Whisk together the flour and salt in a large mixing bowl. Cut in the softened butter with a knives until the mixture resembles coarse crumbs. Whisk together the egg yolks in a measuring jug, then add enough milk to reach 150ml. Gradually stir into the flour mixture until moistened.
Turn the dough out onto a lightly floured surface and knead briefly. Roll about half of the dough out to fit the prepared baking dish. Place the bottom pastry layer in the baking dish. Sprinkle the oats evenly over the base. Roll out the top layer and set aside.

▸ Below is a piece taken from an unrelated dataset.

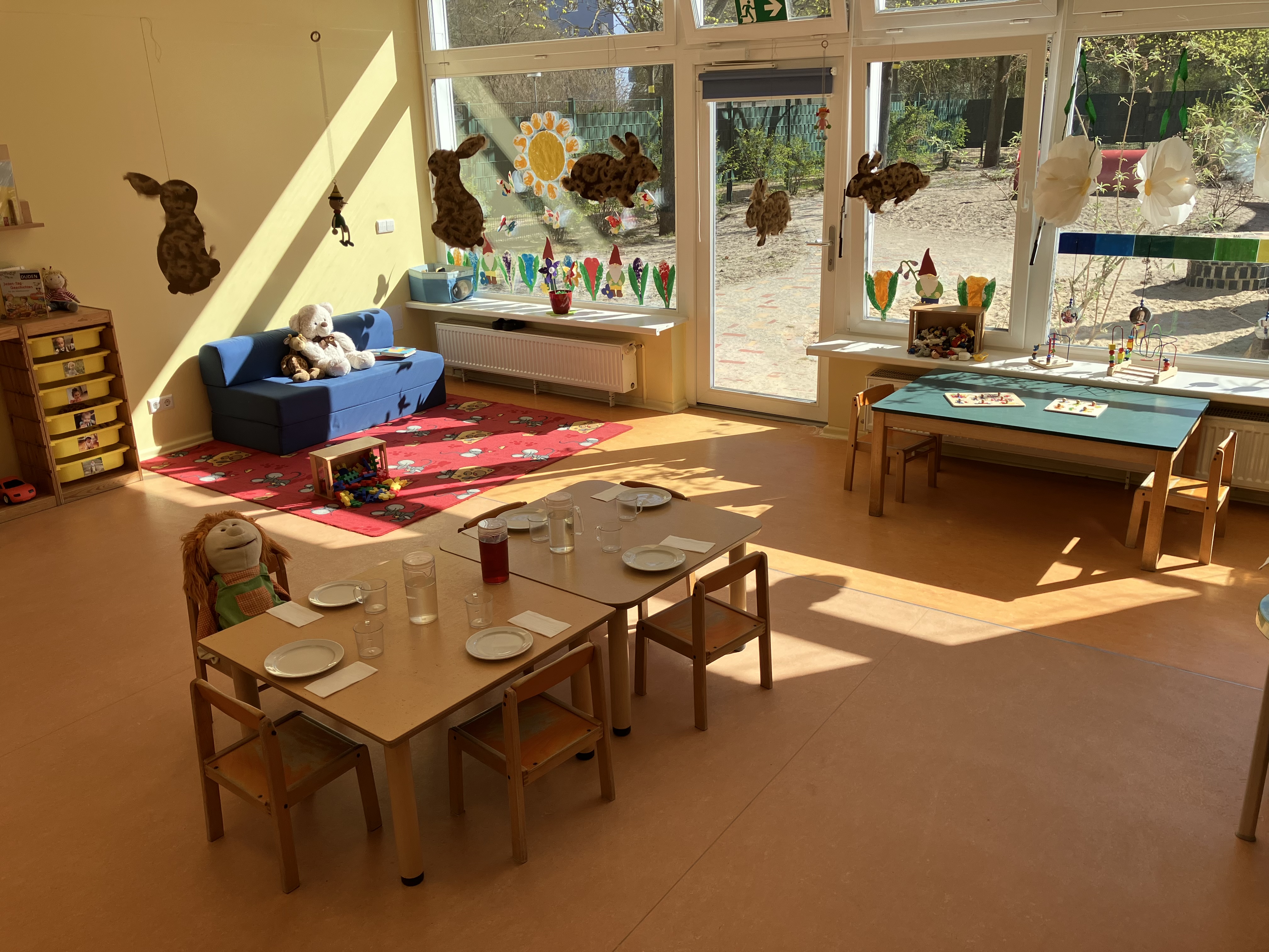 Wir sind eine kleine und familiäre / übersichtliche Kita mit vier konstanten Gruppen. Unsere Gruppen bestehen in der Regel aus zwölf bis fünfzehn Kindern, in der Krippe sind es acht bis zehn Kinder.

Mix the cornflour and lemon juice together until smooth. Heat the cornflour mixture in a large frying pan with the apples, caster sugar, dark brown soft sugar, cinnamon and nutmeg over medium heat until the apples are tender, about 15 minutes. Remove from heat and allow to cool slightly.
Spread the apple filling evenly over the oats. Cover the filling with the top layer. Pinch the edges together to seal the pastry and brush with egg white. Cut a few slits on the top crust to vent.
Bake in the preheated oven until golden brown and the filling has thickened, about 50 minutes.
While pie is baking, prepare the glaze by beating the icing sugar with 1 tablespoon of milk in a small bowl. Stir in the almond extract. Drizzle the glaze over the warm pie. Mix 1 teaspoon of sugar and 1/2 teaspoon of cinnamon together in a small bowl and sprinkle over the glaze. Cool completely before cutting into bars.